Local Hopes Make Their Mark
Further down the Singapore Open leaderboard, local interest remains strong. Amateur Brayden Lee and Ryan Ang are the leading Singaporeans, tied for 19th on three-under.
Lee, who finished as the leading local player last year, posted a 68, while Ang added a 69. For Lee, Sentosa is familiar ground, but familiarity at Serapong does not mean the course suddenly starts handing out sweets.
“I’m lucky to be an adopted member here, a sponsored player, so I do spend most of my time around here. It’s a really tough course, because it’s very demanding off the tee and the greens are huge and undulating. So, you know, you never know what you get.”
That is Serapong in a sentence. Huge greens, yes. Easy greens, absolutely not. It is the sort of course where a decent approach can still leave a putt with the emotional range of a tax audit.
Lee’s Singapore amateur team-mate Troy Storm also made it through to the weekend after a 71 left him on the cut line at one-over.
A Weekend Set Up For Nerves, Noise And Opportunity
With Ham at 10-under, Jazz two behind, Bhullar and Ishizaka tucked neatly into contention, and Thompson sitting four off the lead, the Singapore Open has a proper weekend shape to it.
Ham has the lead, but not the résumé in this particular arena. Jazz has the memories, the course fit, and the scent of something familiar. Bhullar has the pedigree.

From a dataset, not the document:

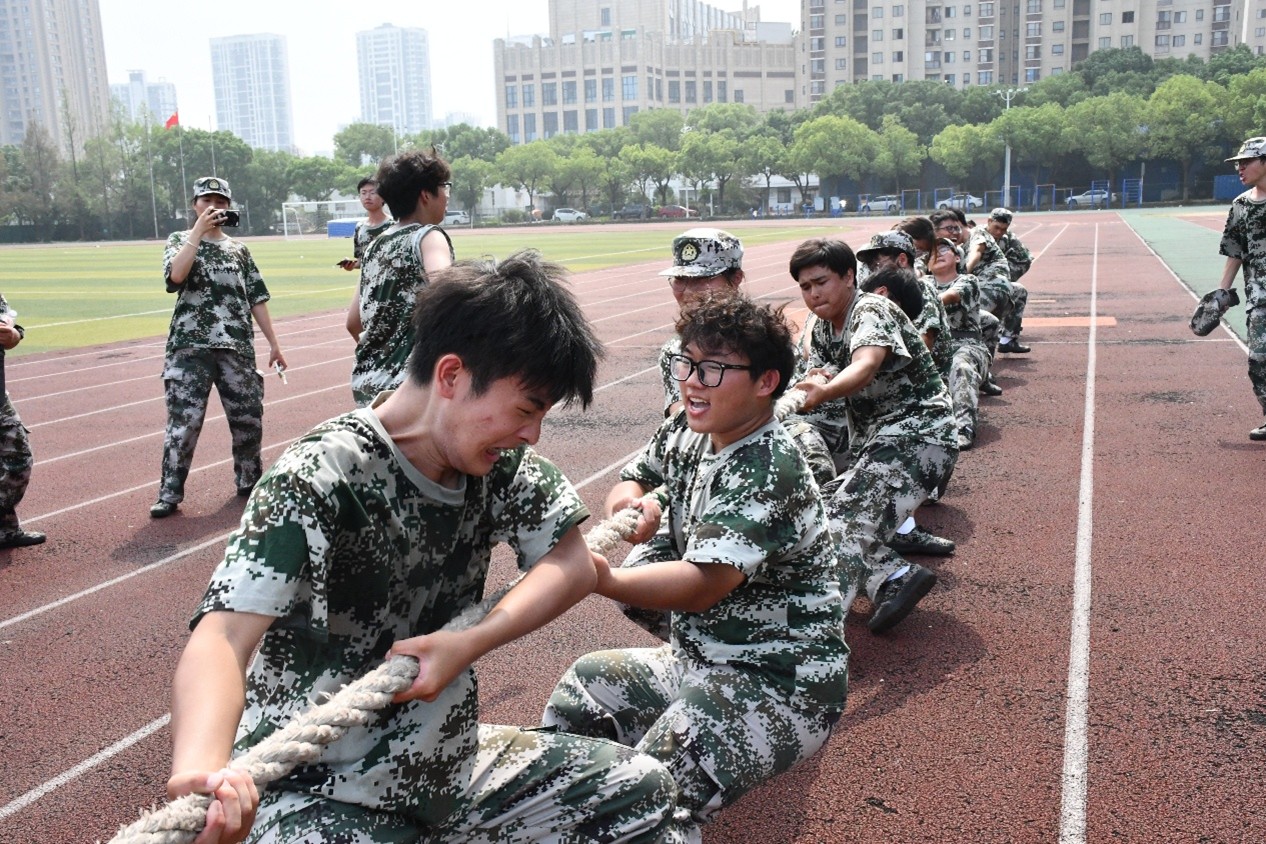 徐枬莘与同学们亲切交流,勉励大家将军训中不怕苦、敢拼搏的精神,融入班集体建设,走好求学发展之路。“预备,3、2、1,开始!”随着指令,比赛拉开帷幕。麻绳两端,各班队员紧握绳索、扎稳脚步,全力角逐。从小组赛到晋级赛,呐喊与加油声此起彼伏,成为集体凝心聚力的生动写照。

Ishizaka and Thompson have enough room to cause trouble.
The Serapong Course will decide how much of this leaderboard is fact and how much is Friday night optimism. It demands accuracy off the tee, patience into the greens, and a putting touch that does not panic at the sight of slope.
For fans following from afar, The International Series has also launched a new website and app, offering live leaderboards, player rankings and tournament coverage.
But the real theatre is still between the ropes at Sentosa, where Ham now has two rounds to turn surprise into statement. He has done the hard part by getting into position.
Now comes the uncomfortable bit: staying there while proven winners start breathing down his collar.